I am considering setting up a local npm mirror such as "npm_lazy" on my computer.
But it seems like npm install and npm shrinkwrap don't work well with local mirrors.
Let me explain. When there is an npm-shrinkwrap.json file, the npm install command always requests packages from the URL specified in the shrinkwrap file's "resolved" property. So, even if I have a local npm mirror running at http://localhost:12345/, and even if I configure npm to use that as its registry, it will not request any package modules from my local mirror (unless a "resolved" property in the shrinkwrap file happens to point to http://localhost:12345/).
Basically, npm install ignores npm's registry configuration and follows the shrinkwrap "resolved" property.
Is there a reason why npm install uses the "resolved" property instead of constructing it dynamically with the dependency package name and version? Why does npm-shrinkwrap.json have this field at all?
So back to my issue.
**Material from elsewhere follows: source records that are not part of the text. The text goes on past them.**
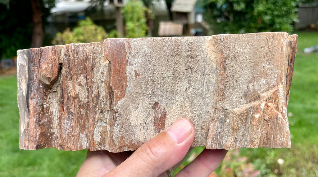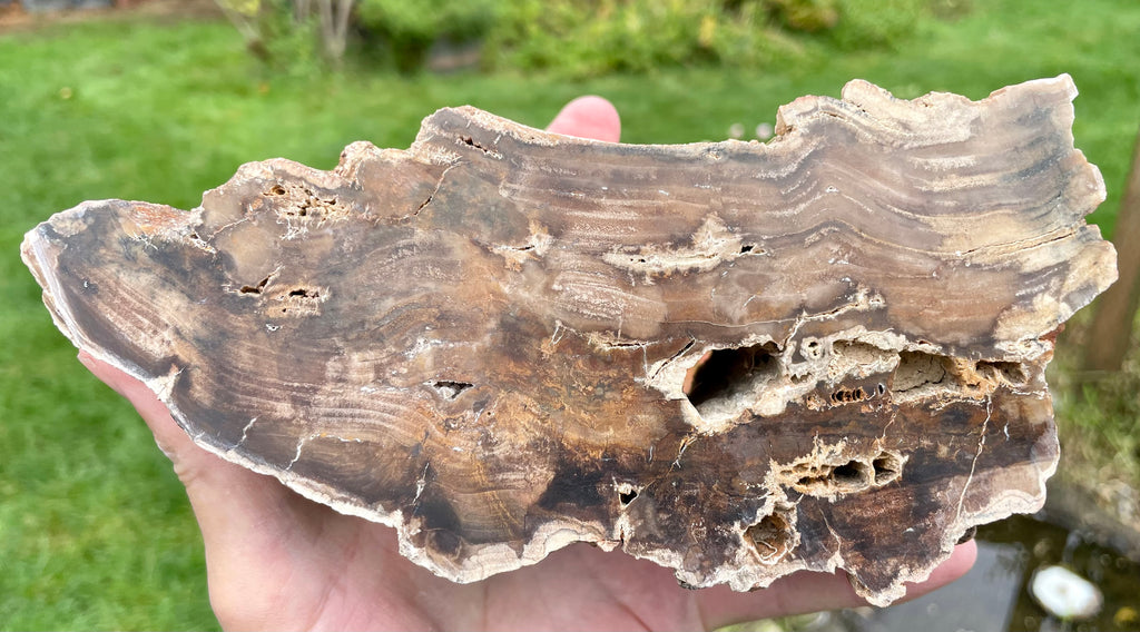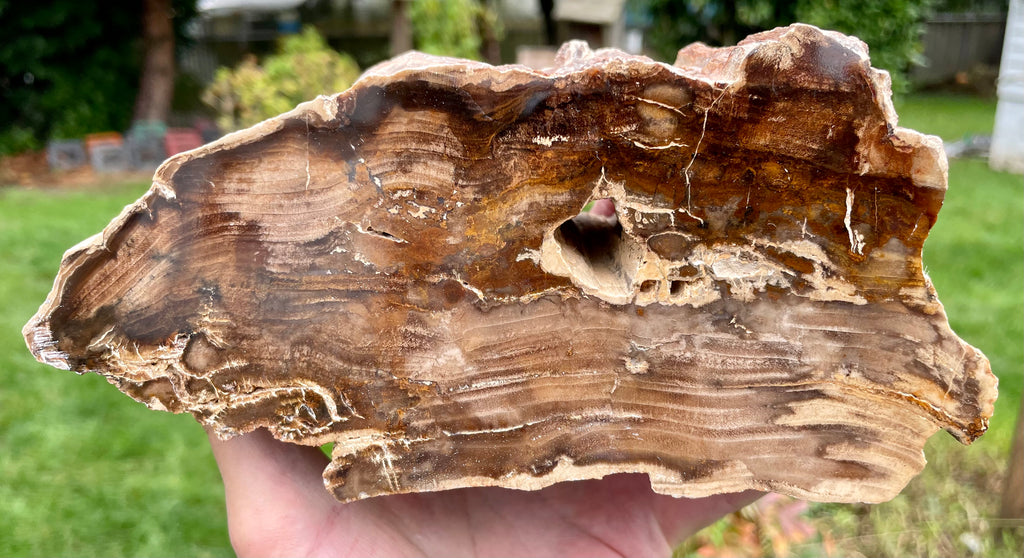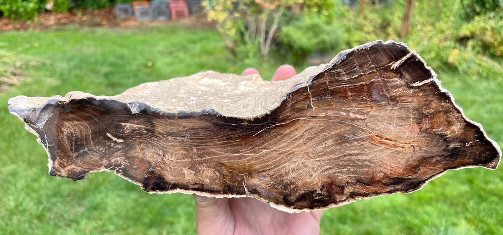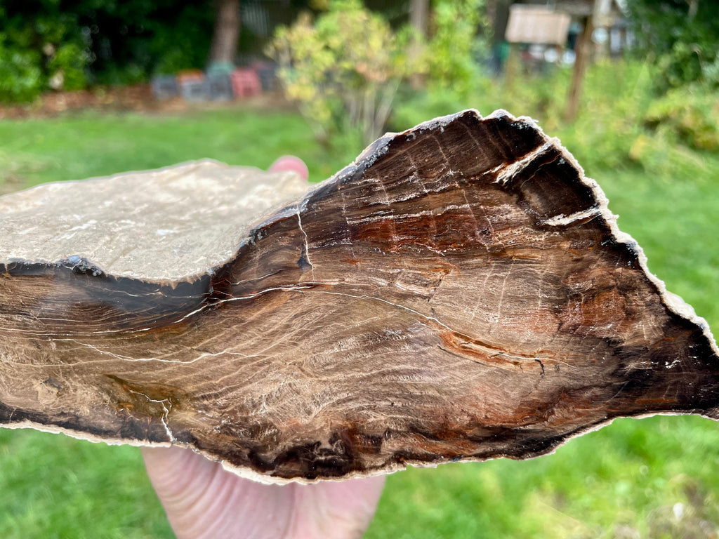 This very thick slab of beautiful petrified wood show’s beautiful dark grain on the polished side and on the edges. It has a small void in the center that goes all the way through where it rotted away prior to mineralization. This piece is 4.65 lbs and is approximately 7-1/2” long, 3-1/2” at its widest point and nearly 3” deep with a flat bottom it sits on.
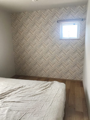 ヘリンボーン柄のナチュラルな壁紙。 周りのグレージュの無地壁紙とも相性バッチリで、 雰囲気も少し変わってお気に入りです。 ヘッドボードの位置も柄側に変更しました。 かわいい照明器具や雑貨を飾りたくなるそんな壁紙です。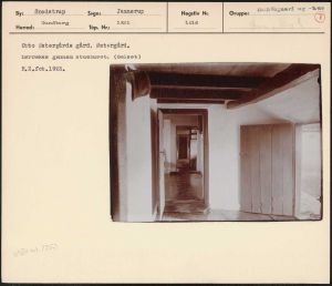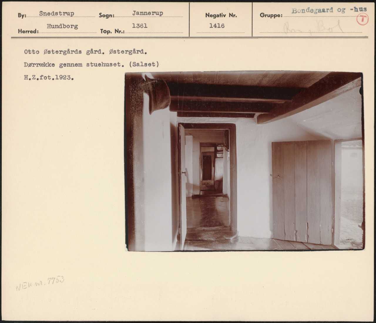 Maskingenkendt tekst fra arkivkort. Otto Østergårds gård, Østergård, Dørrække gennem stuehuset(Salset) H.Z.fot.1923. / T9 HEV WWl. 1750 .

I want to use npm_lazy as a local npm mirror. I could rewrite all the "resolved" URLS in npm-shrinkwrap.json to point to http://localhost:12345/. But then my shrinkwrap file is less portable — my coworkers would not be able to use unless their computers have the same npm_lazy server running.
I have considered redirecting all registry.npmjs.org traffic to localhost in order to create a transparent mirror. But it would be too hard -- it needs to supoprt HTTPS, and also, how would npm_lazy access the true domain? I would have to specify it by its IP address, which may change.
Has anyone else attempted to do the same thing -- to set up a local-computer NPM cache? But, my main question is, why does npm use the "resolved" property? Thanks.